Categories: Archived Articles

What Sweet Morsels These Orbs Be

Helen may have launched a thousand ships, but tomatoes have launched a million home gardeners.

By Chris Cohan

 

 

Helen may have launched a thousand ships, but tomatoes have launched a million home gardeners.

Is it a fruit or vegetable? First, who cares! Botanists would define it as a fruit, a seed- bearing structure that develops from a flower. The rest of us think of it as a vegetable and not just any vegetable but the queen of vegetables.

There are two types of tomatoes – determinate and indeterminate type. Determinate grow to a fixed size. They ripen simultaneously in a short period of about two weeks. They are ideal if you have limited space. Indeterminate will fruit throughout the summer season and until they are killed by frost. Staking or caging is a requirement for indeterminate tomatoes.

Which variety to choose is akin to asking which of your children you like the best. Go with those that give you the fewest problems and provide the most fruit. I have drifted to the small and medium-sized tomatoes as they ripen quicker, are less likely to crack, and get nabbed by birds and animals, while providing a daily crop. Early Girl and Better Boy are good, medium-sized fruits.

Early Girl is smaller, ripens faster, and is naturally sweeter than Better Boy. Sungold is a delicious golden color cherry.

Let’s be honest; you will walk into a nursery with a clear head of exactly what to buy. Then be swayed by the plants with flowers or prettiest pictures. So, worry not; just buy, plant, grow and eat.

Start from baby plants instead of seeds. Seeds require time and attention and can be a hassle for most. When you buy plants, go for the bigger plants in the big pots – the bigger the better. You will be rewarded by being able to harvest your tomatoes two or three weeks earlier.

Mulch before you plant. Mulching with organic materials is ideal because it builds the soil while conserving water and reducing weeds. A black plastic sheet is popular because it will warm the soil and eliminate weeds. Mulch reduces blossom-end rot and prevents disease spores from splashing onto lower leaves.

Provide good spacing between your plants. If space permits, plant four feet apart. Caging your tomatoes will give you enough room to walk around when you harvest your tomatoes.

Plant them deep for a robust root system. Once you decide where to plant your tomatoes, loosen up the soil about 1.5 feet in diameter and depth. Mix compost and fertilizer with the soil.

When you are ready to plant the seedling, cut the side of the planter using a scissors so that you can remove the seedling with the least disturbance to the root ball. This will reduce the transplanting shock and increase the chances of survival of your tender young plant.

To get a healthy root system, plant them deep – deeper than they were in their original containers. Remove lower leaves. Plant them deep after leaving about three to six inches of the crown above. Your plant may not look nice at this time; but don’t worry, in a few weeks it will grow and become much bigger. This procedure will promote rooting from the entire stem underground and will result in a plant with a robust root system.

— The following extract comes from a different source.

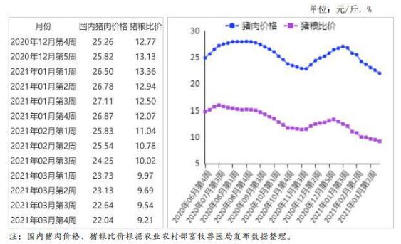 生猪价格明显下跌,饲料价格持续上涨,养殖收益继续下降。据农业农村部监测,3月份,猪粮比价9.60:1,比上月下降1.01个点。3月份,全国饲用玉米价格每公斤2.99元,环比涨1.4%,同比涨41.0%;育肥猪配合饲料价格每公斤3.62元,环比涨0.3%,同比涨16.0%。从全国平均水平看,自繁自养的生猪养殖利润每头1867元,环比减12.0%,同比减37.4%;外购仔猪的生猪养殖利润每头530元,环比减37.8%,同比减60.7%。

Cover your tomatoes if you expect a cold snap. It is crucial that you wait until the last frost date for your area before planting your tomatoes. If there is a cold snap after planting, be sure to cover your plants.

Give a boost to the young plants when they are ready for nutrients. After you plant a young tomato, make a ring around the plants about a foot away. Sprinkle specialized fertilizers like Espoma Tomato-tone or others that are formulated for fruit production. And have limited nitrogen, which shall only promote green growth. Water well. As always, read directions before you apply your fertilizer.

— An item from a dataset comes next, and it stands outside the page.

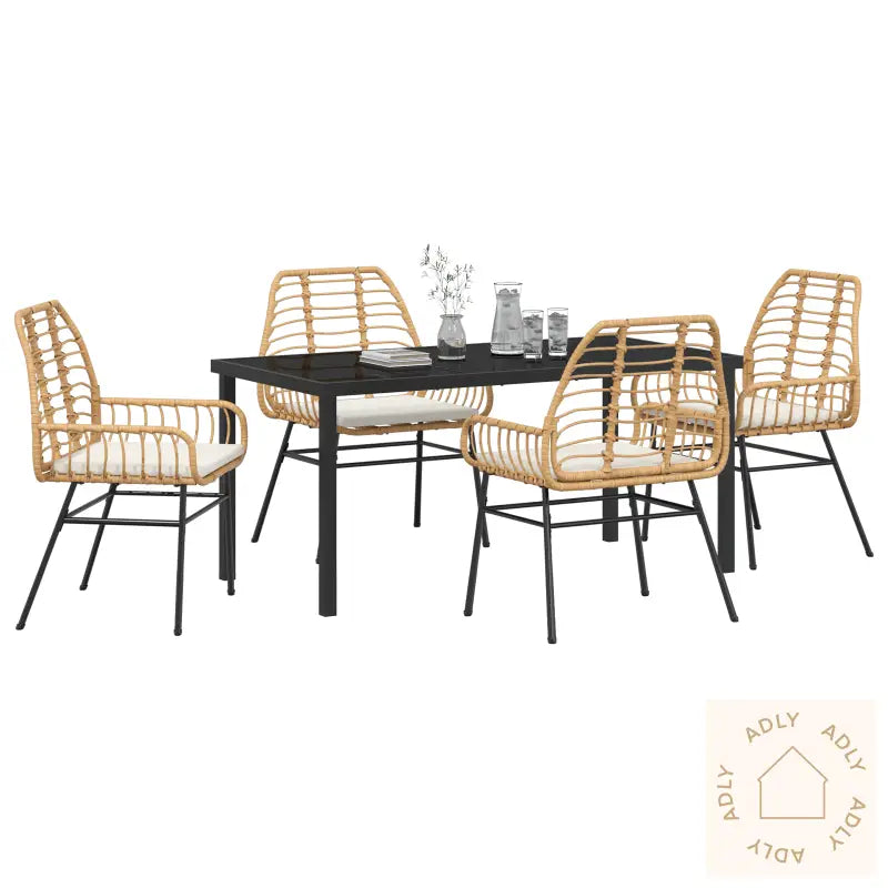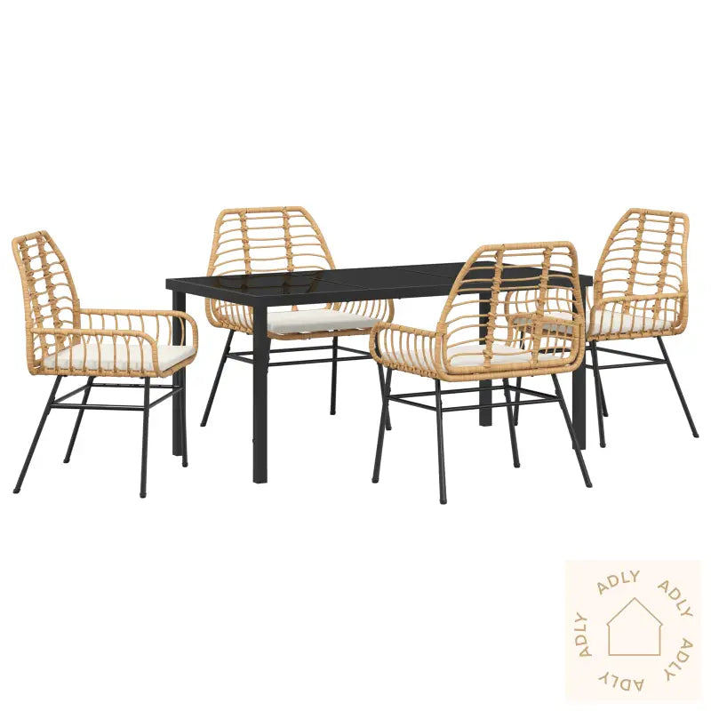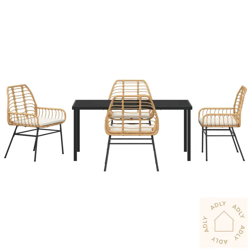 Komfortabel Sitteplass: De tykke, myke putene gjør at du sitter ekstra godt – perfekt når du skal nyte en kopp kaffe på morgenen eller lange sommerkvelder med familie og venner.Stabil Konstruksjon: Stolene hviler på en kraftig pulverlakkert stålramme, noe som gir solid stabilitet og lang levetid. Perfekt til daglig bruk, år etter år.Stilig Utseende: Med sitt moderne design og brune poly rotang-overflate glir settet rett inn på både store terrasser og små balkonger, og gir utemiljøet ditt en eksklusiv touch.Praktisk Vedlikehold: Putene leveres med avtakbare trekk som enkelt kan tas av og vaskes ved behov, mens resten av møblene kan tørkes over – alt laget for å spare deg for tid og arbeid.Lett & Fleksibelt: Møblene er overraskende lette – det gjør det lekende lett å flytte dem rundt alt etter hvordan du vil innrede uteplassen, enten du samler mange eller vil ha en rolig krok for deg selv.Antall varer: 5Farge: BrunForm: RektangulærMateriale: Syntetisk Poly RotangOverflate: PulverlakkertInnendørs/Ute: Innendørs / UtendørsTrekk inkludert: NeiRom: Hage og terrasseBatterier inkludert: NeiHodegjerde inkludert: NeiKapasitet: 110 kg per stolMaksimalt antall personer: 4Maksimal vekt: 110 kgHøyde på overflate: 3 cmHøyde på bein: 44 cmSittedybde: 48 cmSittekapasitet: 1Gynge: NeiStige: NeiMerke: Levering inneholder: 4 x Stol, 1 x BordMontering kreves: JaAnbefalt antall personer for montering: 2Oppgrader uteplassen din med denne slitesterke serien i poly rotang – et smart valg for deg som vil ha praktiske, stilige hagemøbler og møbler til hjemmet som varer lenge. Enten det gjelder avslapning alene eller hyggelige stunder sammen, har disse møblene egenskapene som gir ekstra komfort og enkel bruk. Vil du utfylle stilen ytterligere? Sjekk også vårt utvalg av bokhyller og stående hyller til både inne og ute!

Reduce disease. Thoroughly clean-up garden before planting, provide eight hours of sun and adequate spacing. Select resistant varieties. Once disease appears, remove all infected leaves. If it worsens, yank the plants PDQ. Hand-pick any insects or hit with a blast of water from hose. Interplant with marigolds. Keep soil moisture even.

Relocate tomato plants every year to stay ahead of soil borne disease and pests. Select a site where other nightshade family plants — eggplant, potatoes, peppers — have not grown for three years.           

Suckers emerge at spots where a tomato leaf attaches to stem. Pinch them out to improve air circulation and fruit quality.

Never over-water your tomatoes. Over-watering, rather than under-watering, kills most tomato plants as it reduces good aeration to root system. If your soil is not particularly sandy, watering two times a week is sufficient. This can be reduced if it rains.

Caging, staking, and providing support: Regardless of your method, tomato plants should be supported. I prefer caging, as it involves less work than staking.